The gerrymandering of districts was originally designed to keep stuff like this from happening, but it has done so much more and probably more than the architects of it originally intended. Those that study the competitiveness of House races have noticed something over time. Well under half are decided by ten points or less either way. Since the Supreme Court neutered the Voting Rights Act, the gap has been widening.

Of course, the Supreme Court is just one example of how gerrymandering has reared its ugly head. The Republicans have won exactly won election by majority since 1988. Yet, there is a 6-3 court on the conservative side and prominent Republicans are trying to convince us the country is center-right. What exactly is the evidence of that?

The damage is two-fold. Sure, we could look at this narrowly and say there are more Republicans in government than the demographics suggest their should be. Yet, that’s a small way to look at it. The secret lies in the non-competitive nature of those districts. Well over 300 of the 435 districts are currently non-competitive. If I don’t have to convince a majority to vote for me then I don’t have to be reasonable. I don’t have to compromise. In fact, the more extreme I can be the better.

If you want to fix what ails us you fix our democracy. Simply put, Congress needs to reflect the values of the people. If you look at individual planks of the legislation that passes the House (but not the Senate) then you’ll see that even a majority of people that consider themselves Republican consider them to be good ideas. So, it isn’t about Republicans vs. Democrats or any kind of a shift in the values that people actually have. Most people believe in fairness. Most people believe in compassion. Most people believe in human decency. We just have a system that rewards people that don’t believe in those things.

Those people then get to appoint our judges. Those judges then become the arbiters of justice. Sure, we notice huge trials like the Rittenhouse trial, but the key are the smaller ones no one pays attention to on a daily basis. They are the ones that incarcerate hundreds of thousands of people on drug charges or fail to protect women from would be predators. When heads repeatedly becomes tails it can catch up with you. When up is repeatedly force fed to us as down it takes its toll. People of a lesser mind come to believe justice is actually being served. People of a greater mind see the injustice and become either angry or apathetic. Neither serves us well.

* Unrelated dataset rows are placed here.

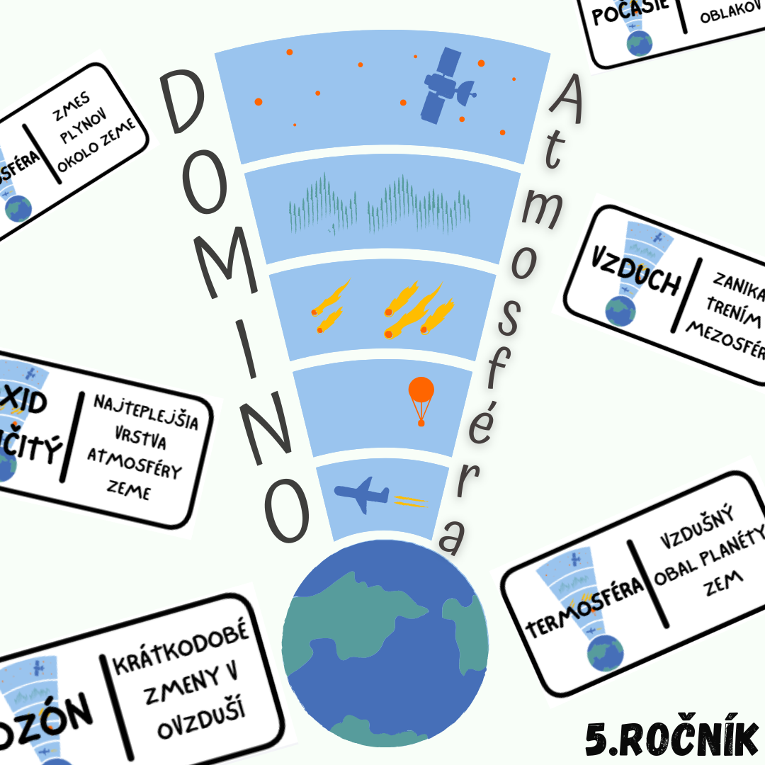 Materiál „Domino – Atmosféra“ je didaktická a hravá edukačná aktivita určená pre žiakov 5. ročníka základnej školy na hodiny geografie. Prostredníctvom práce s domino kartičkami si žiaci upevňujú poznatky o atmosfére ako plynnom obale Zeme, jej zložení, vrstvách a význame pre život na našej planéte.
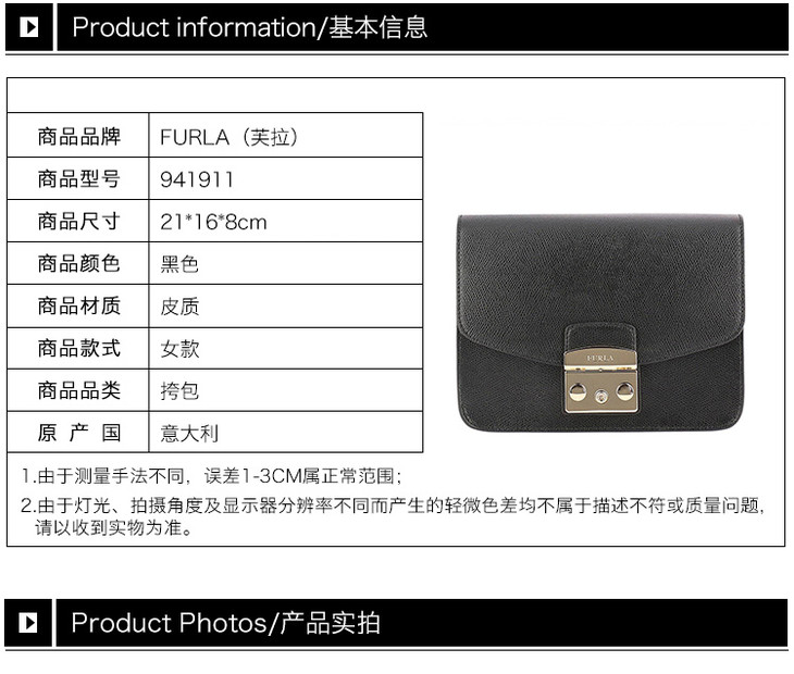 【香港直邮】Furla 芙拉 女士黑色皮革单肩包 941911
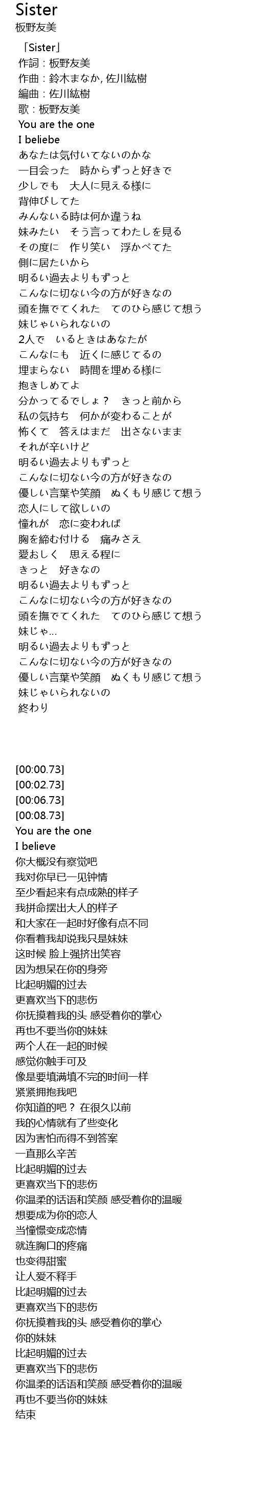 | [00:00.73] | 「Sister」 |

We know how to fix it, but the question is whether we have the will to do it. We simply take the drawing of districts out of human hands. Studies have shown that computers can draw districts that can flip the switch. Instead of over 300 non-competitive districts we would have over 300 competitive ones. Suddenly the Lauren Boeberts and Majorie Taylor Greenes go away. You might lose the occasional AOC or Sheila Jackson Lee too. Either that or those politicians learn to speak to a larger demographic. I imagine some would adapt and some wouldn’t. What would remain would be a body politic that would reflect the real values of those that vote for them. Then come the judges and everyone else on down. It won’t happen overnight, but we didn’t get here overnight either. It just seems like we did.